Following the COVID-19 pandemic, various factors associated with the pandemic experience and aftermath have influenced Chinese people’s decisions regarding widespread vaccination. The following two points demonstrate how China’s vaccination decisions have changed in the post-COVID-19 era. First, the COVID-19 pandemic has highlighted the importance of immunisation in preventing the spread of infectious diseases. Consequently, the Chinese public now understands the importance of immunisation against COVID-19 and other communicable diseases. Owing to the pandemic’s stark reminder of the potential consequences of diseases that can be treated with vaccines, a greater number of individuals are prioritising vaccination as a preventive measure. Second, the population’s trust and faith in vaccinations has grown because of the COVID-19 vaccine’s successful development and introduction in China. People have become more likely to trust the efficiency and safety of vaccines in general after observing how vaccinations helped contain the spread of COVID-19 and reduce its severity. Beyond COVID-19, routine vaccinations may become more widely accepted and adopted because of this growing confidence in vaccines.

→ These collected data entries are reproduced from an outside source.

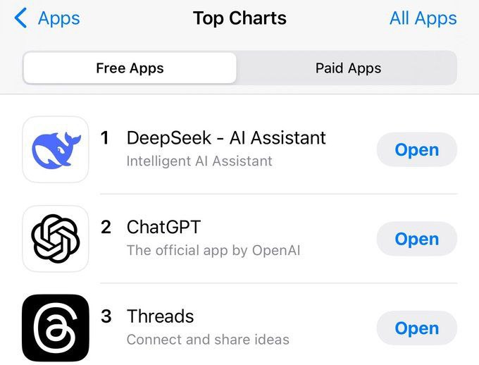 Приложение DeepSeek возглавило рейтинг бесплатных загрузок приложений в Apple App Store в Китае и США, обогнав ChatGPT в рейтинге загрузок в Соединенных Штатах.
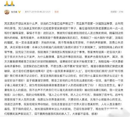 前一段时间,内地知名男演员张丹峰与其女经纪人毕滢的出轨风波闹得沸沸扬扬,后来事情进入了一段平静期,就在大家快要忘却本次事件的时候,张丹峰在5月6号晚间,微博发表一篇文章又将这件事推上风口浪尖。
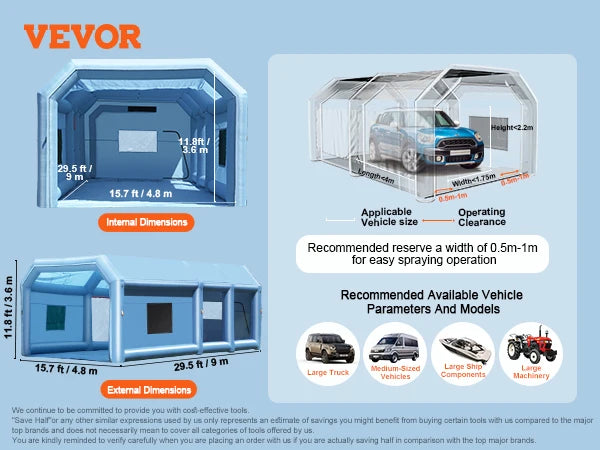 We provide paint booths in various sizes from 10FT to 33FT, allowing you to choose the perfect size for your vehicle and specific needs.
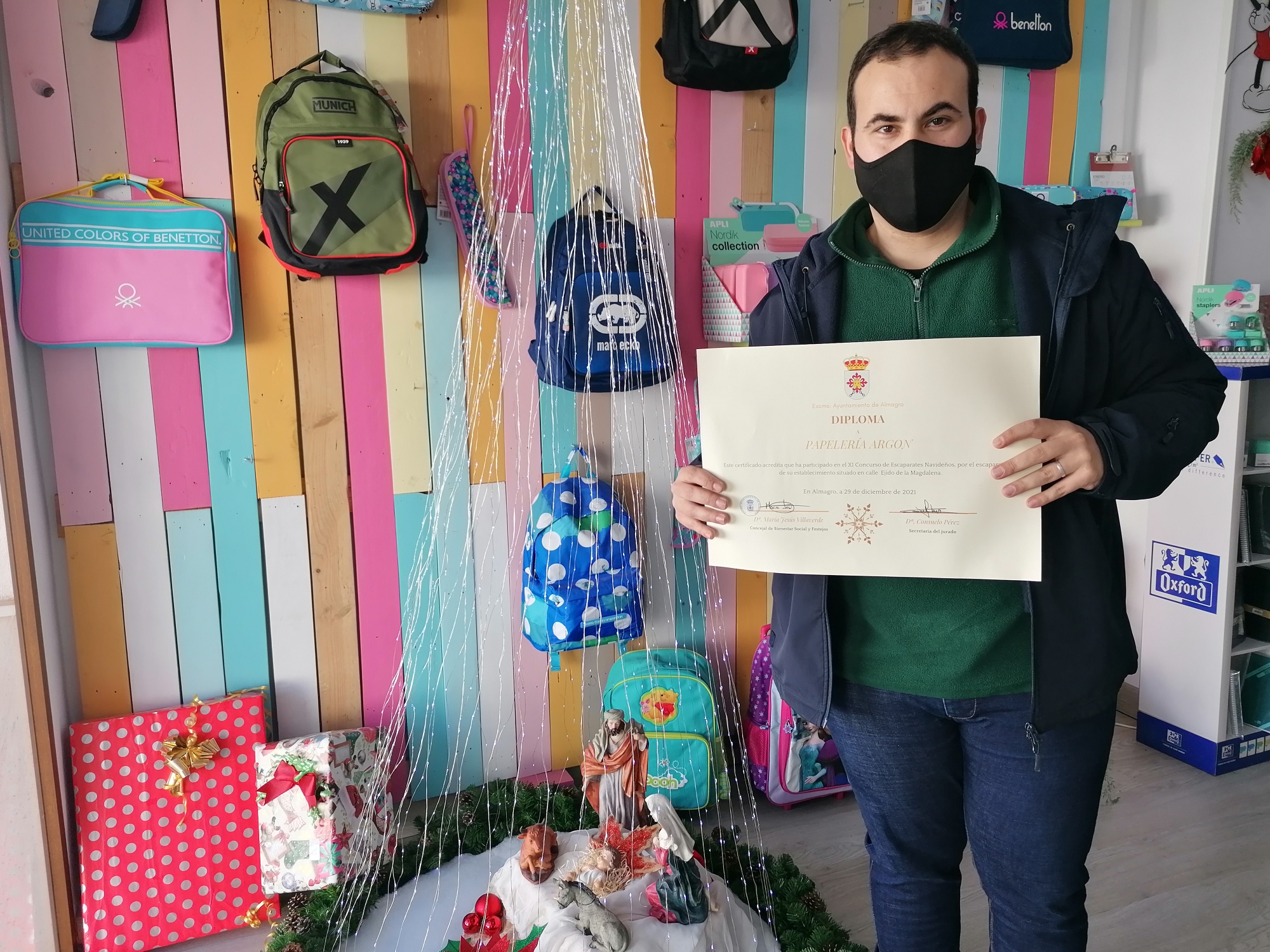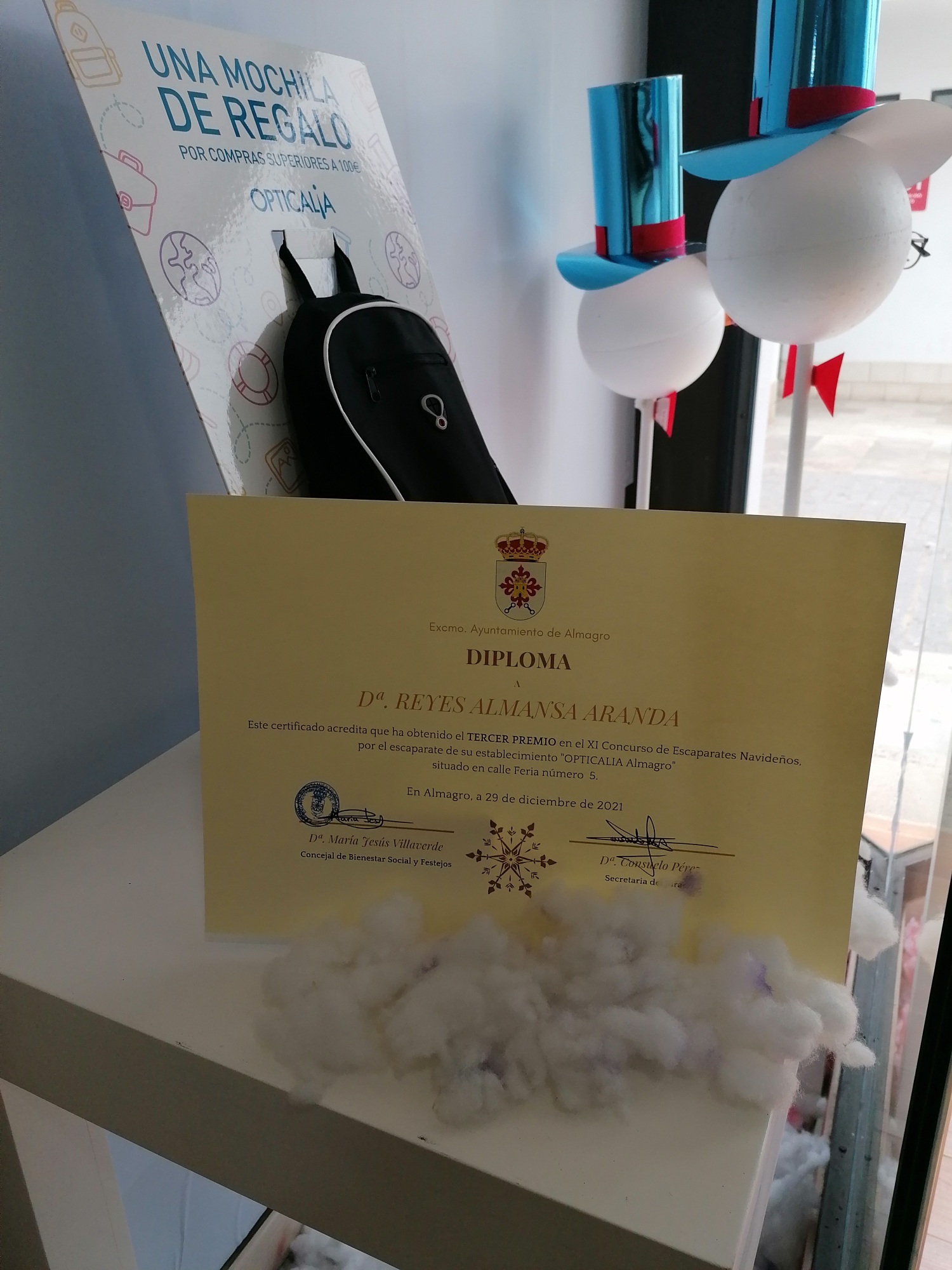 La concejal de Promoción Económica del Ayuntamiento de Almagro, María Jesús Villaverde, ha entregado hoy los premios del XI concurso de escaparates navideños. La farmacia de Carlos Alberto Olmedo ha conseguido el primer premio. Belén Olmedo ha recibido esta mañana el cheque por valor de 150 euros, el paquete de 30 cuñas para Onda Almagro y el diploma. Anai, tienda de ropa infantil y la óptica Opticalia se han hecho con el segundo y tercer premio, respectivamente. Han recibido también esta mañana, el cheque de 100 y 50 euros, paquete de cuñas y diploma.

This study underscores the critical importance of targeted educational interventions, enhanced communication strategies and tailored health-promotion campaigns to address gaps in vaccination knowledge, promote eHealth literacy and foster greater willingness to vaccinate among diverse populations in China. By leveraging the insights provided by this study, government organisations, healthcare providers, and public health authorities can design more effective interventions and communication strategies to promote vaccination acceptance and mitigate vaccine hesitancy, ultimately contributing to improved public health outcomes and disease prevention efforts.

In addition to exploring the association between eHealth literacy and vaccination knowledge in a sample of the general public, this project sought to design and verify a new scale for measuring general vaccination knowledge. The findings of this study showed that health status had a substantial impact on the association between eHealth literacy and vaccination knowledge. The results of the moderation study showed a substantial interaction effect, indicating that a person’s health status influences how strongly their eHealth literacy and vaccination knowledge are related. By improving our knowledge of the variables influencing vaccine-related decision-making, this study has implications for advancing public health research as well as practice.